Given the ability of the colony energy expression to improve the accuracy of loop prediction, it is of interest to consider whether its success is based on some underlying physical principle. The form of Eq. 8 is such that the colony energy does not identify the global energy minimum but rather favors loop candidates that not only have low energies but that also are located in broad energy basins. An appealing explanation for its effects is that the colony energy captures some elements of loop flexibility and, hence, accounts for conformational entropy. Entropy effects also can be estimated analytically from the matrix of second derivatives of the energy (28). Another important feature of the colony energy that is evident from the form of the expression given in Eq. 8 is that it effectively smoothes out the force-field energy, lowering the energy of high-energy conformations that are close in structure to low-energy conformations (this is the reason the colony energy vs. rmsd plots are so smooth). A number of techniques are available to smooth the energy surface so as to facilitate the search for the global minimum (reviewed in refs. 29–31). In contrast, the colony energy approach averages the conformational probability surface directly. This averaging procedure has the effect of both creating broad energy basins when many nearby states are detected but also of keeping conformations whose high energy is caused by inadequate sampling or random errors in the force field. Such conformations are located in a low-energy region of the potential energy surface (because they have a low energy neighbor) and should not necessarily be discarded. Also, it is possible that the colony energy corrects in some way for a deficiency in the energy function we have used. In principle, one might expect that the accuracy of our predictions would improve if we used a more accurate force field, but this possibility still needs to be tested. A much needed refinement is the addition of electrostatic and solvation effects to the model we present.

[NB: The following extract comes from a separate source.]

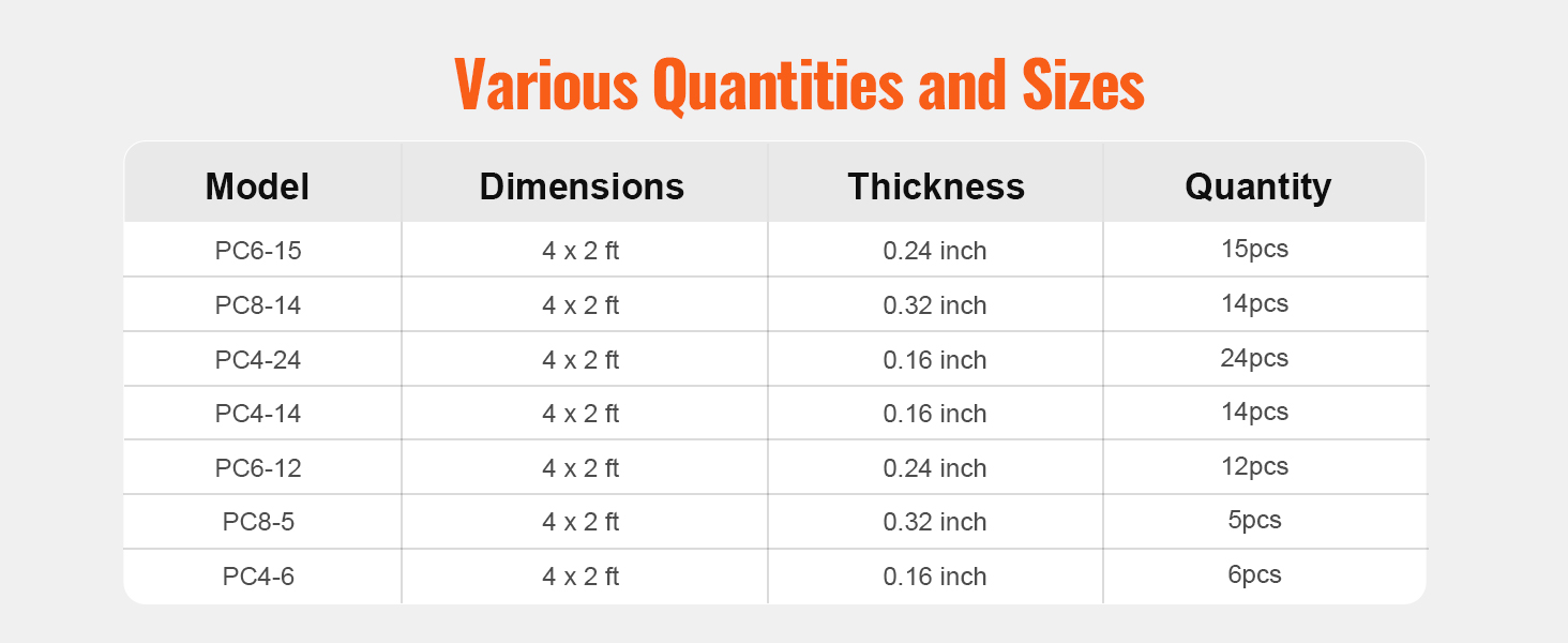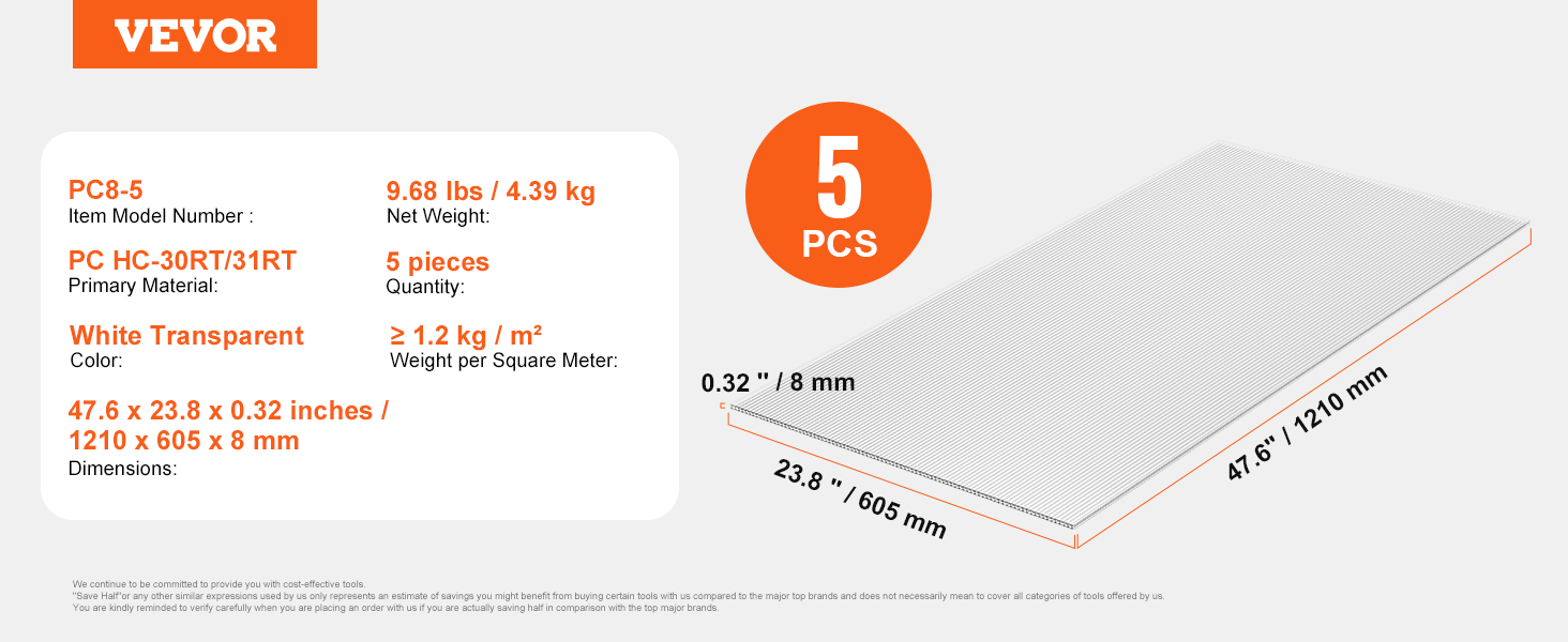 Polykarbonátové strešné dosky do skleníka 5 ks 2'×4'×0.32'' vlnité uv
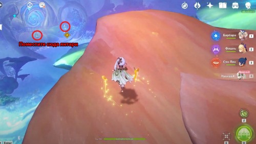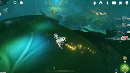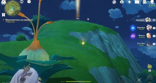 Далее вам нужно будет подняться на вершину горы, отмеченную указателем, – просто бегите наверх, продолжая по возможности использовать четырехлистники (их можно вызвать, ударив Дендро атакой по бутону соцветия).

Also, it is possible to view the colony energy as an effective heuristic that favors conformations with many neighbors and which improves loop prediction. Shortle et al. (32) used rmsds to cluster low-energy conformations and found that those with the largest number of neighbors tended to be closest to the native conformation. This result was used to argue that native conformations may be located in broad energy basins. The current work is consistent with these ideas but, in addition, incorporates features of the energy basin directly into the evaluation of the conformational free energy. Huber and van Gunsteren (33) reported the SWARM-MD method, which uses an rmsd-dependent force to drive molecular dynamics trajectories toward an average trajectory. This procedure has the effect of speeding up convergence to the lowest energy conformation. In contrast, the colony energy approach consists of a sampling procedure that includes a bias toward probability-weighted clusters of states which thus accounts for both conformational energy preferences and for entropic effects. The approach is inherently fast because the final prediction is based on the statistical distribution of all of the initial conformations.
In the paper, we generated 2,000 loop candidates for each loop. For short loops of less than 7 residues, 500 loop candidates are enough to produce results of comparable accuracy, to within about 0.1 Å to those reported here. For longer loops of more than 10 residues, 2,000 loop candidates seem not to be enough. For example, prediction accuracy was improved from 3.42 to 3.25 Å when 4,000 instead of 2,000 initial loop candidates were used for 12 residue loops (data not shown). However, using 6,000 initial loop candidates for 12 residue loops led to a slight decrease (0.1 Å) in prediction accuracy relative to the use of 4,000 candidates. The major problem, as discussed above, is likely to be inadequacies in the potential function whose effects become more noticeable for longer loops with fewer geometric constraints.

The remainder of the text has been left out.